MHPHS will later add "national" in its name in 2003.

=== On its present site ===
The high school buildings in capitolio were destroyed during World War II. Because of this, the school temporarily used various facilities such as Casa Real and Mojon Elementary School (Barasoain Memorial Elementary School).

New buildings were built in the 1950s and 60s such as the Marcelo H. Del Pilar Science Centrum (near UNIWIDE). Soon the school will be moved to a bigger campus where it currently stands.

This happened during the time of Governor Ignacio Santiago when the High School was moved to a 10-hectare land in Sta. Isabel (Bagong Bayan) Malolos.
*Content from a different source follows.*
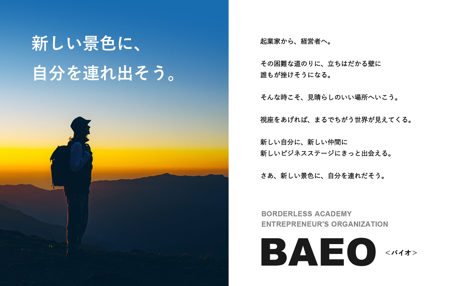 BAEOは、単なるコミュニティにとどまらず、社会課題解決に挑む起業家や経営者が互いに切磋琢磨しながら事業成功を目指す共創の場です。共に学び、共に成長しながら、本気で社会にインパクトを創出していく、そんな新しい景色を参加者の皆さんとともに目指して一歩ずつ進んで参ります。
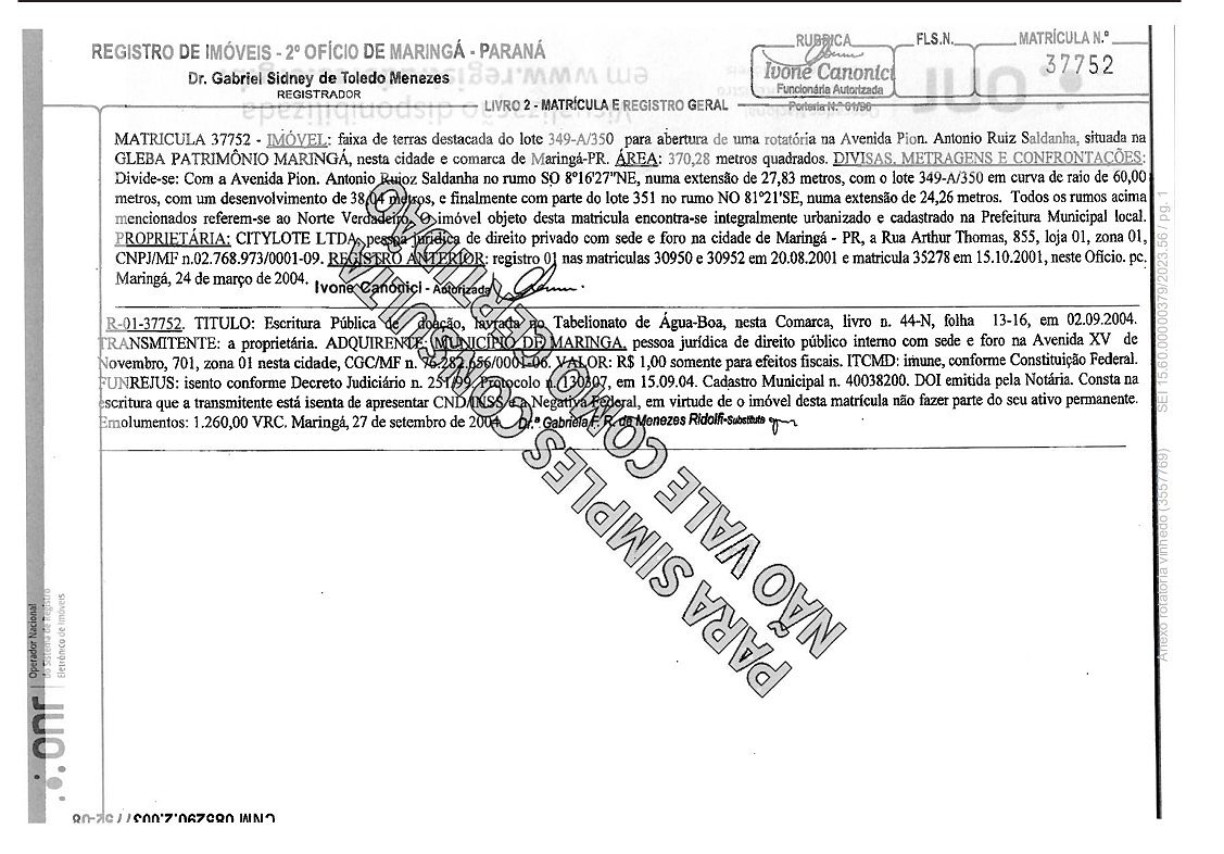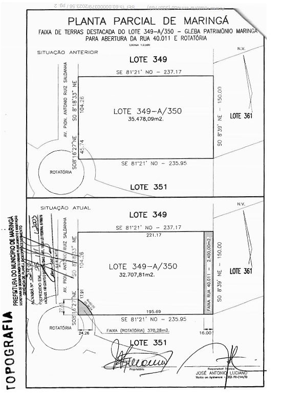 349-A/350, da Gleba Patrimônio Maringá, para fins de compor parte do Sistema Viário do

The new campus was inaugurated on July 31, 1984, the governor's birthday.

== School Hymns: Then and Now ==

=== MHPHS HYMN (version sung up to 2003) ===
Titik ni Moises Simbulan

Musika ni Juliano Velasco

Batis ng aming karunungan

Sa buhay tanging pamatnubay

Layo mang lakbayin, sa ligaya't sakit,

Katapatan namin sa puso't bait.

Sa aming diwa'y nakatanim,

Ang alaalang walang maliw.

Pagsinta'y laging nag-aalab

Sa puso at bait sagisag,

Ang mahal naming Marcelo H. del Pilar.

=== IMNO NG MHPNHS (present hymn) ===
Titik ni Lourdes G. Hipolito

Musika ni Marquez T. Cartel

Pambansang Mataas na

Paaralang Marcelo H. del Pilar

Aming dakilang paaralan

sa amin ay luminang ng ganap

Sa bawat araw laging patnubay

Sa pagbabago ng ating buhay

Ang iyong liwanag, sa ami’y tatanglaw

Tungo sa tagumpay nitong ating buhay

Mananatili sa aming puso

Mga gintong aral na iyong tinuro

Dito nag-uugat ang karunungan

Kakayahang hatid sati’y kaunlaran

Aming dakilang paaralan

Sa amin ay luminang ng ganap.

==Official Publications==
The Republic and Ang Malaya are the official English and Filipino publication of Marcelo H. del Pilar National High School, respectively.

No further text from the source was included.